Since the via through-hole depth, i.e., the thickness of the substrate, is several times greater than the diameter of the via opening, the amount of metal deposited within the via through-hole is typically substantially less than that formed upon the exterior surfaces of the substrate. For example, it has been found that in a 100 micron thick substrate with 40 micron diameter via holes, that a 1 micron thick deposit on the exterior surface typically results in an equivalent thickness of less than 0.1 micron inside the via through-hole.
Subsequent processing of the substrate frequently results in damage to the thin-film metallization layer formed within the via. Such damage occurs due to physical, chemical, and thermal stresses inherent to such subsequent processing. Physical damage may result from foreign materials being undesirably introduced into the via during such processing. Chemical damage may result from the effects of corrosive agents and/or solvents being deposited within the via through-hole during such subsequent processing. Thermal stress is typically inherent to subsequent processing of the substrate wherein various materials are deposited upon the substrate, typically via thermal processes, and wherein various components may be attached to the substrate via thermal bonding.

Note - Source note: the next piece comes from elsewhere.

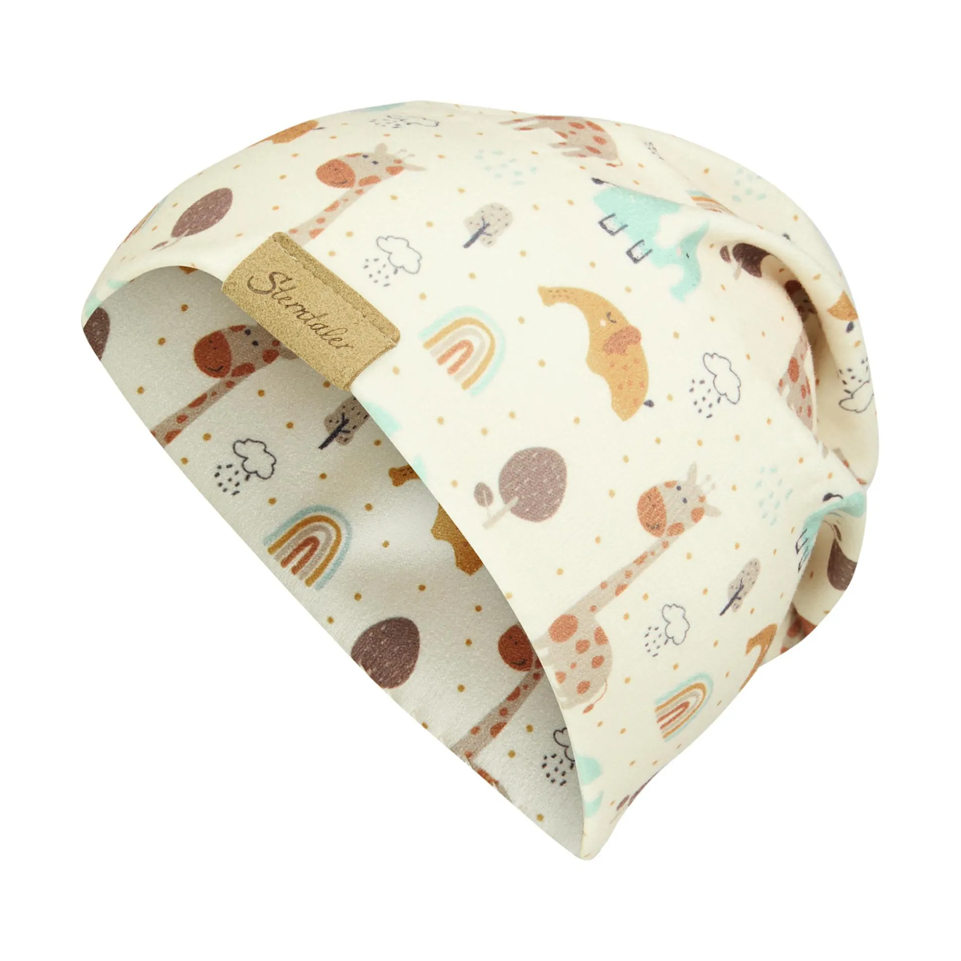 Die Beanie Giraffen und Elefanten von Sterntaler besteht aus weichem Soft Touch Jersey und schmiegt sich angenehm an das kleine Köpfchen deines Lieblings an. Der niedliche Print mit Giraffen und Elefanten macht sie zu einem liebevollen Accessoire, das sowohl mit als auch ohne Umschlag getragen werden kann. Das Material aus Polyester und Elasthan sorgt für hohen Tragekomfort, ist angenehm weich und besonders anschmiegsam.

As such, failure of the via interconnection may occur, typically where the metallization layer is thinnest, i.e., proximate the mid-point of the via through-hole.
Even when such via interconnects successfully pass electrical acceptance testing subsequent to such processing, it is possible for the via interconnect to degrade due to the effects of aging and thermal stress, thereby causing blatant failures.
Because of the high cost of multi-layer infrared detector modules employing such via interconnects and because of the inability to effect repairs upon the space-based systems wherein such multi-layered modules are typically utilized, it is desirable to provide via interconnects possessing improved conductivity and long term reliability.